The 'brain-inspired' community has always been doing this, since Carver Mead introduced the term 'neuromorphic' in the late 1980s. Reselling banalities as a new great insight. My favourite is "Neuromorphic computing breakthrough could enable blockchain on Mars" [1]. What else can they do? After all, that community has now multiple decades of failure under it's belt. Not a single success. Failure to make progress in AI and failure to say anything of interest about the brain. To paraphrase a US president: In this world nothing can be said to be certain, except death, taxes and neuromphicists exaggerating. (Aside: I was told by someone who applied to YC with a 'neuromorphic' startup that YC said, they don't fund 'neuromorphic'. I am not sure about details ...). The whole 'brain talk' malarkey goes back way longer.
In particular psychology and related subjects,
since their origins as a specialty in the 19th century, have heavily used brain-inspired metaphors that were intended to mislead. Already in the 19th century that was criticised. See [3] for an interesting discussion.
There is something interesting in this post, namely that it's based on non-Nvidia GPUs, in this case MetaX [2]. I don't know how competitive MetaX are today, but I would not bet against China in the longer term.
I believe the argument is that you can also encode information in the time domain.
If we just look at spikes as a different numerical representation, then they are clearly inferior. For example, consider that encoding the number 7 will require seven consecutive pulses on a single spiking line. Encoding the number in binary will require one pulse on three parallel lines.
Binary encoding wins 7x in speed and 7/3=2.333x in power efficiency...
On the other hand, if we assume that we are able to encode information in the gaps between pulses, then things quickly change.
I think the main benefit of a neuromorphic design would be to make it dataflow driven (asynchronous event driven - don't update neuron outputs unless their inputs change) rather than synchronous, which is the big power efficiency unlock. This doesn't need to imply a spiking design though - that seems more of an implementation detail, at least as far as dataflow goes. Nature seems to use spike firing rates to encode activation strength.
In the brain the relative timing/ordering of different neurons asynchronously activating (A before B, or B before A) is also used (spike-timing-dependent plasticity - STDP) as a learning signal to strengthen or weaken connection strengths, presumably to learn sequence prediction in this asynchronous environment.
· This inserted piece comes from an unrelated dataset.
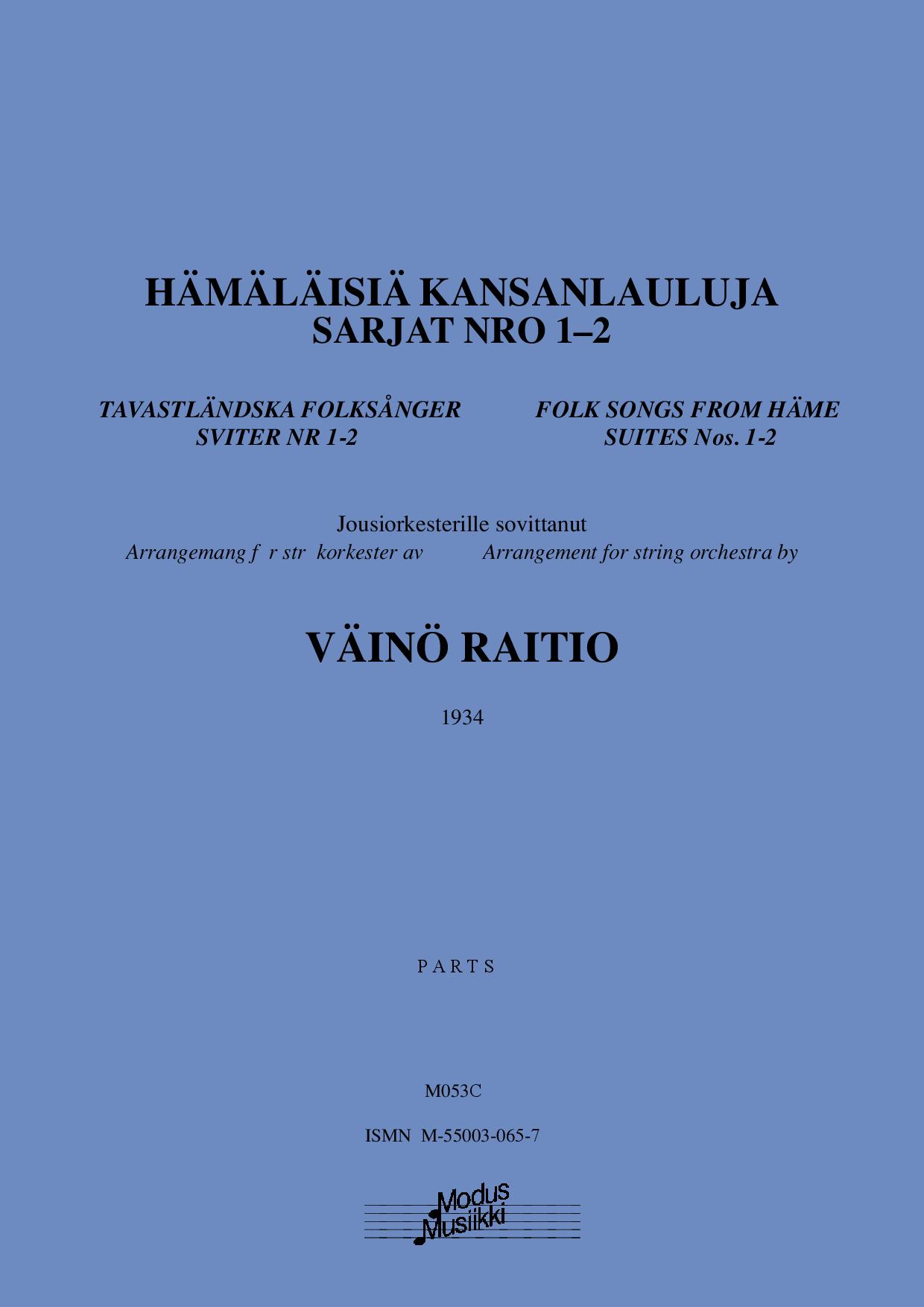 Raitio Väinö: Hämäläisiä kansansävellyksiä. jousiorkesterin sarjat I–II, stemmat.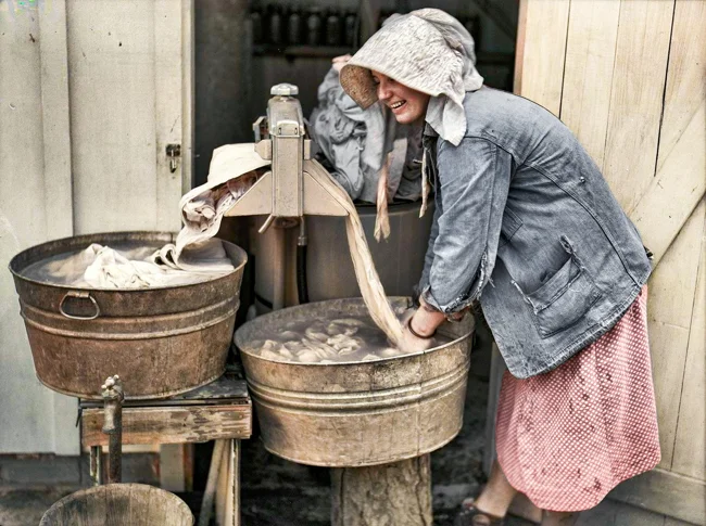 The washing machine is pretty used, but the missus looks cheerful. And, I must say, pretty. In the USSR, the "Belka" machine had the same spin.

STDP also doesn't imply that spikes or single neuron spike train inter-spike timings are necessary - an activation event with a strength and timestamp would
seem to be enough to implement a digital dataflow design, although ultimately a custom analog design may be more efficient.
>The current implementation adopts pseudo-spiking, where activations are approximated as spike-like signals at the tensor level, rather than true asynchronous event-driven spiking on neuromorphic hardware.
Isn't that in essence very similar to Quantization Aware Training (QaT)?
Can you explain more? Why would that be the case? What is being passed from one layer to the next is not a linear value but the delay until the next spike, which is very different.
But I understand that they simulate the spikes as integer events in the forward pass (as described here https://github.com/BICLab/Int2Spike) and calculate a continuous gradient based on high resolution weights for the backward pass.
This seems to be very similar to the straight-through-estimator (STE) approach that us usually used for quantization aware training. I may be wrong though.
SpikingBrain treats 'spikes' as 1-bit quantization stickers. True neural-level sparsity should be input-dependent, time-resolved, and self-organized during learning. If a new circuit diagram cannot 'grow' with every forward pass, then don't blame everyone for treating it as Another Sparse Marketing - oh wait, Neuromorphic Marketing.
The supposedly dynamic/temporal nature of the model seems to be not applied for GPU execution, collapsing it into a single static computation equivalent to just applying a pre-calculated sparsity mask.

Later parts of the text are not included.